A canícula derrete-nos os corpos, desconjunta-nos a estrutura óssea, faz com que nos arrastemos pelas ruas como espectros. Aqui e além, desde que se fale português, discute-se o lugar onde irá parar a selecção, na confiança colectiva de que o enxovalho alemão servirá para sermos mais juntos, mais compactos, mais camaradas, de uma camaradagem capaz de bater a França que, pelo caminho, chama às armas os seus cidadãos, ainda com a derrota de Saint-Denis de 2016 atravessada na garganta como uma espinha de garoupa. Para onde foram os húngaros? Não para Munique, certamente, onde se joga o Alemanha-Hungria. Só 25% do Arena poderá estar ocupado. Não há lugar para os que querem viajar daqui para a Alemanha, ainda convencidos de uma vitória tão absolutamente inesperada que nos deixaria a todos de boca aberta e a babar nos colarinhos.
Em São Petersburgo, a Polónia de Paulo Sousa esgota-se até aos últimos segundos mas perde por 2-3 e faz com que o nosso futuro, seja ele qual for, não passe mais por Budapeste. Façamos contas. Convençamo-nos ainda que o terceiro lugar será o nosso neste grupo que meteu a Hungria, a Alemanha, e a França campeã do mundo que acaba de chegar à Puskás Arena de autocarro, tal como vemos nas imagens em directo da televisão. É Sevilha que nos ameaça. Mais do que a Bélgica, convenhamos. Sabem a história dos dois espanhóis bêbados, trafulhas, mulherengos, que foram parar ao Inferno? Pois disse o primeiro que lá entrou: “Carajo! Que calor de puta madre ese!!!” Ao que o companheiro, mais seráfico, respondeu: “Imaginate en Sevilla…”
É mesmo assim?

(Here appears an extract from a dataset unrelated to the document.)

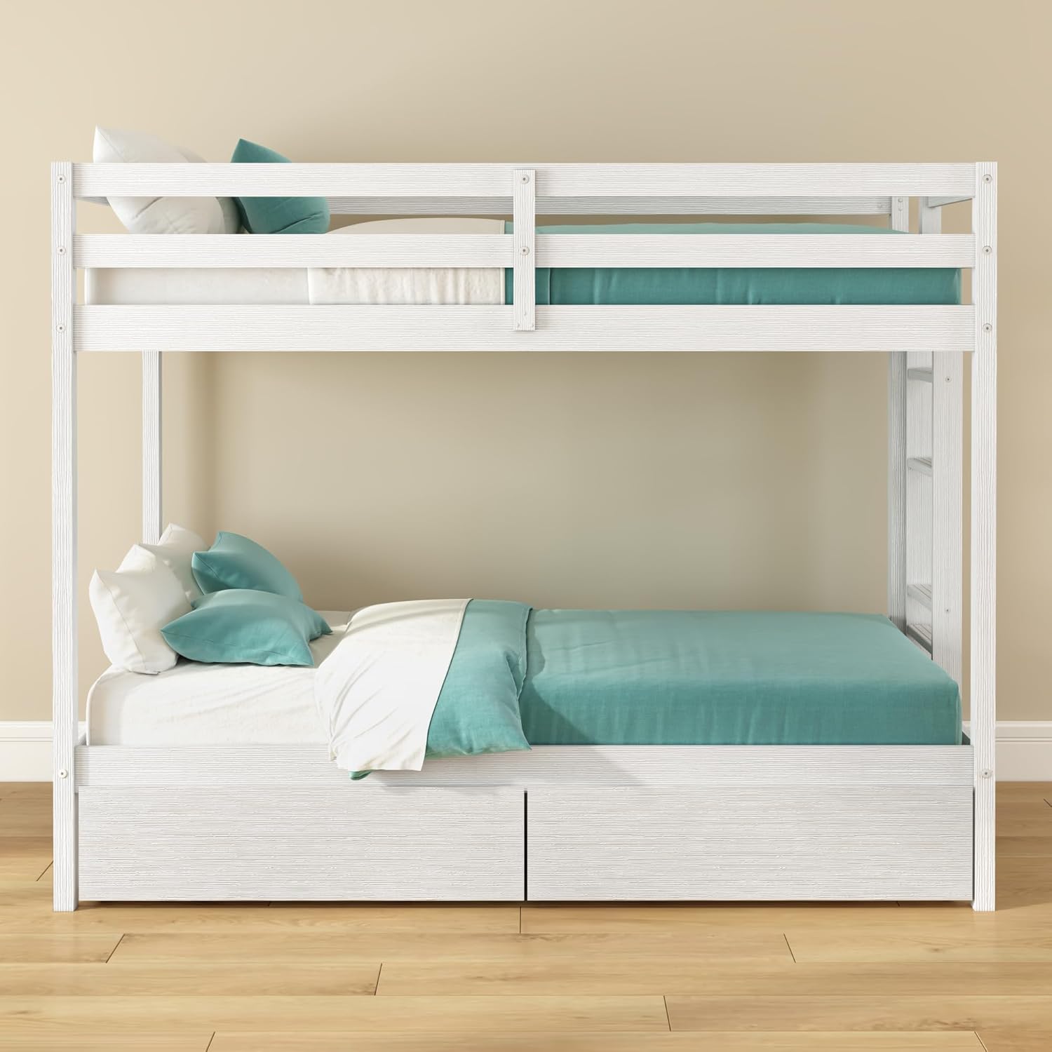 The Bear Twin Over Twin Bunk Bed with Storage from Grain & Grove is designed with families in mind, offering the perfect mix of practicality, safety, and value. Crafted from durable engineered wood, this wooden bunk bed ensures long-lasting use while prioritizing safety. The top bunk features 14" guardrails for added protection, while the ladder can be installed on either side for flexible placement. Sturdy wooden slats and a metal support bar support up to 400 lbs. per sleeping surface—no box spring or bunkie board required. What sets this bunk bed apart are the two spacious underbed drawers, providing built-in storage for clothes, toys, or bedding to help keep bedrooms neat and organized. Compact yet highly functional, the Bear Twin Over Twin Bunk Bed with Storage delivers a smart solution for shared spaces, combining durability, safety, and extra storage in one practical piece at a fantastic value.

Faltam dez minutos para as sete da tarde em Budapeste, e o povo vai surgindo por cá, neste sítio onde se ergueu em tempos o Nepstadion, o Estádio do Povo, como na terça-feira, dia 15 de Junho, momento do Portugal-Hungria que serviu de estreia para a nossa fase final do Campeonato da Europa de 2020 despachado para 2021 por causa dos males que dominam o mundo.
Estamos perante a repetição da final do último Europeu, mas isso não parece entusiasmar particularmente os adeptos húngaros que, ainda há poucos dias, contra a França, viram a sua selecção bater-se com a força e a energia do velho Átila, o Flagelo de Deus.
A sul Por detrás da baliza sul, onde no Hungria-Portugal se juntaram os ultras húngaros com as suas T-shirts negras com a cruz de Santo Estêvão e dizendo somente Hungary, assim mesmo à inglesa, ficaram desta vez os adeptos portugueses. Em minoria, como seria de esperar, mas também estavam em desesperante minoria no Estádio de França, em Saint-Denis, há cinco anos.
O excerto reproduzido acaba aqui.